Action item:
Only the lines below from the one that holds "Avtomobillər haqqında ətraflı" through the one that holds "450mmの板から、まずは図面通りの寸法で、天面、底面、正面、背面の板を切り出します。まずは天面と底面の板を加工します。 | |" should appear in the answer, copied exactly, end lines included and pictures omitted.

Material provided:
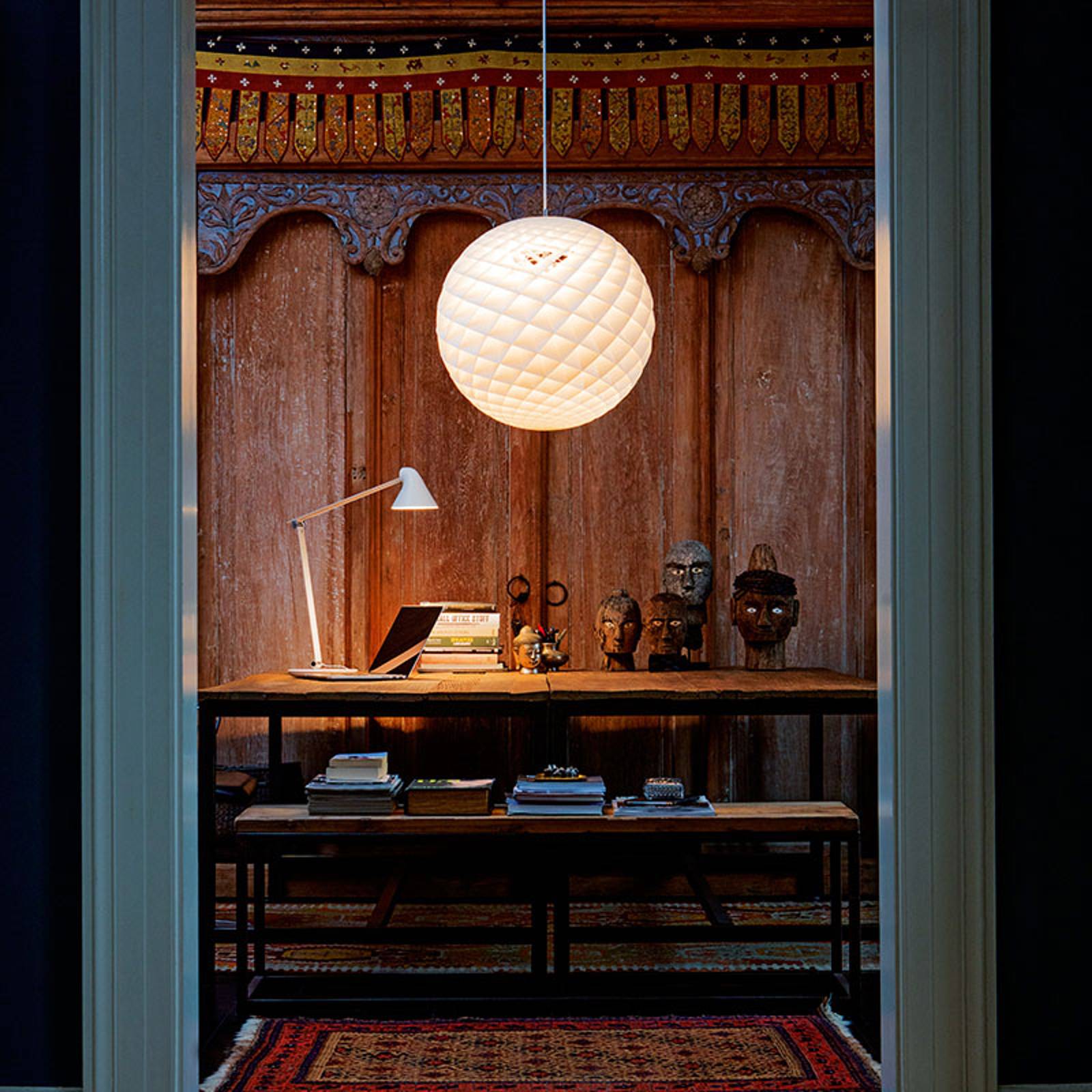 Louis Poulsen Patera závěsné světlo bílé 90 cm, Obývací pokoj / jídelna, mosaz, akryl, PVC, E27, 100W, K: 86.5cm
* * *
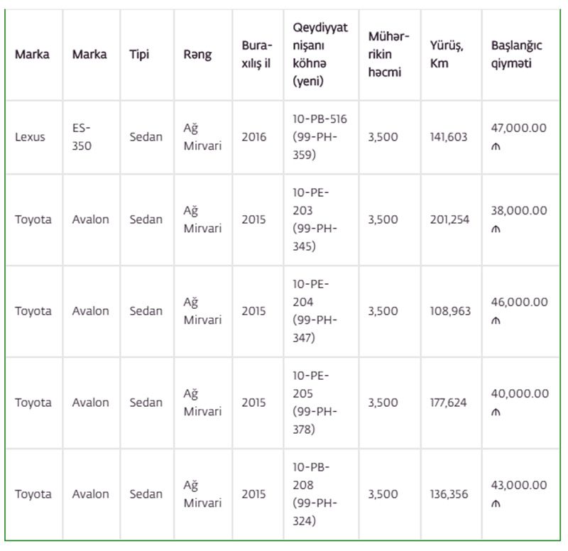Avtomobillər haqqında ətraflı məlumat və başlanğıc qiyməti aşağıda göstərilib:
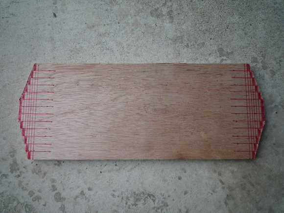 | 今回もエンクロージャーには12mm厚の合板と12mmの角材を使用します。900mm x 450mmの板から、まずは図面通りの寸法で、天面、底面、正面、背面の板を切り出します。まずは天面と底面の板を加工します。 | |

Exercise result:
Avtomobillər haqqında ətraflı məlumat və başlanğıc qiyməti aşağıda göstərilib:
 | 今回もエンクロージャーには12mm厚の合板と12mmの角材を使用します。900mm x 450mmの板から、まずは図面通りの寸法で、天面、底面、正面、背面の板を切り出します。まずは天面と底面の板を加工します。 | |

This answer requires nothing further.